Today, every human culture has language, many of which are astoundingly, or should I say incomprehensibly, different from one another. Did such languages arise totally independently after humans left Africa, or are all languages ‘evolved’ from an African predecessor? Atkinson used the same sort of methods to trace the origins of languages as have been used to follow biological evolution. He sampled the phonemes (roughly, verbal sounds) used in 504 different languages around the worlds and found that the pattern of variation in phonemes exactly matched the pattern of genetic diversity in humans.
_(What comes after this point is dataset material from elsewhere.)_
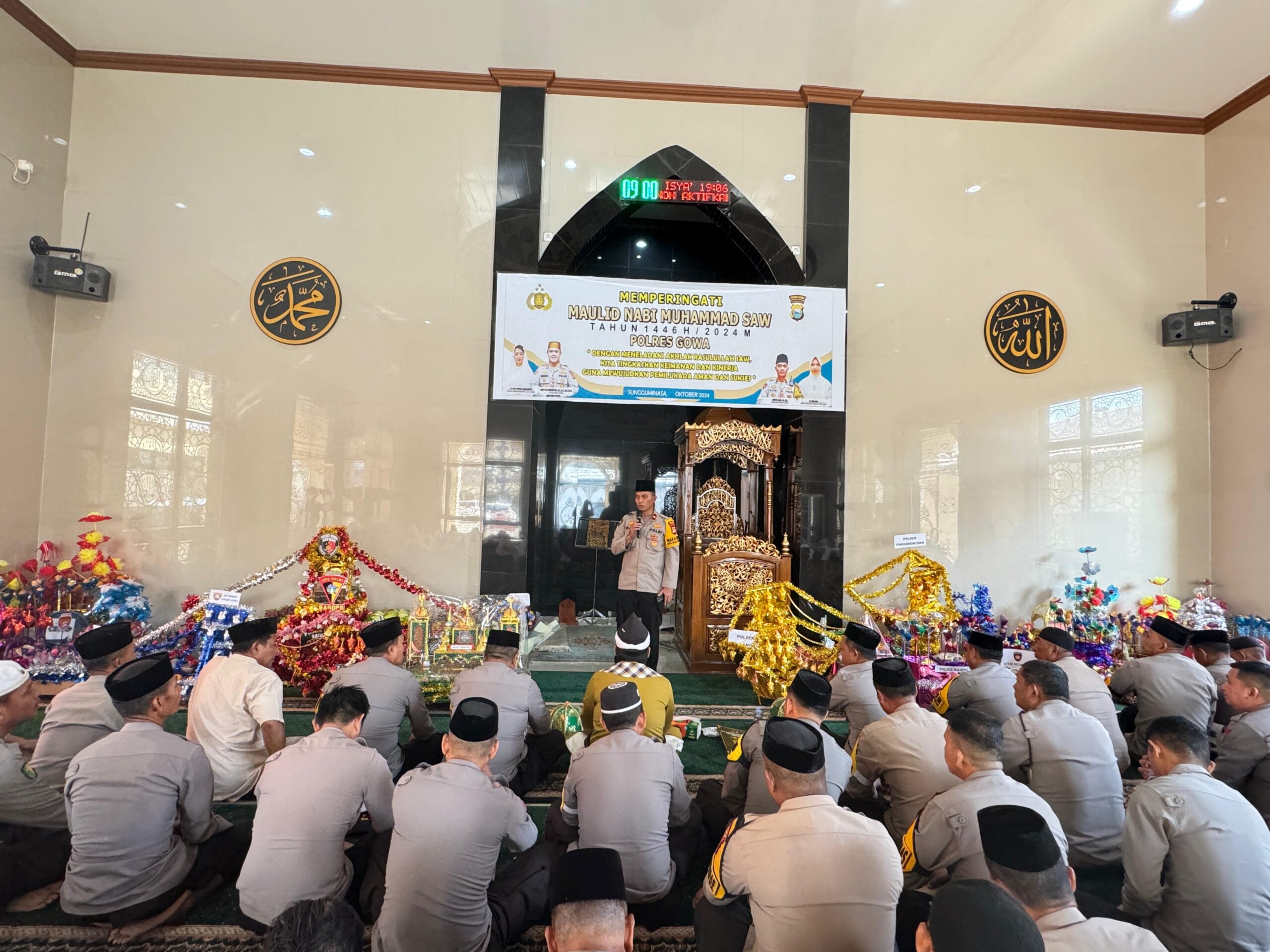 Dalam sambutannya, Wakapolres Gowa menekankan pentingnya memperingati Maulid Nabi Muhammad SAW, karena banyak hikmah dan teladan yang bisa diambil dari akhlak serta perjuangan Rasulullah SAW, khususnya dalam pelaksanaan tugas sebagai anggota Polri.

 Africans have the greatest variation in both phonemes and DNA, the more recently settled areas (Europe and Asia) have more moderate variation in both, and the fewest phonemes and least genetic diversity were found in South America and on Pacific islands.

Language Map of the World
Map courtesy of www.theodora.com/maps used with permission.

This strongly suggests that language, like humans themselves, originated in Africa. A subset of those humans left Africa, taking their local language with them. As humans spread throughout the world, they continued to take only the particular phonemes they needed to each new location. When they reached islands such as Hawaii, for example, their total phonemic inventory had been whittled down to just over a dozen.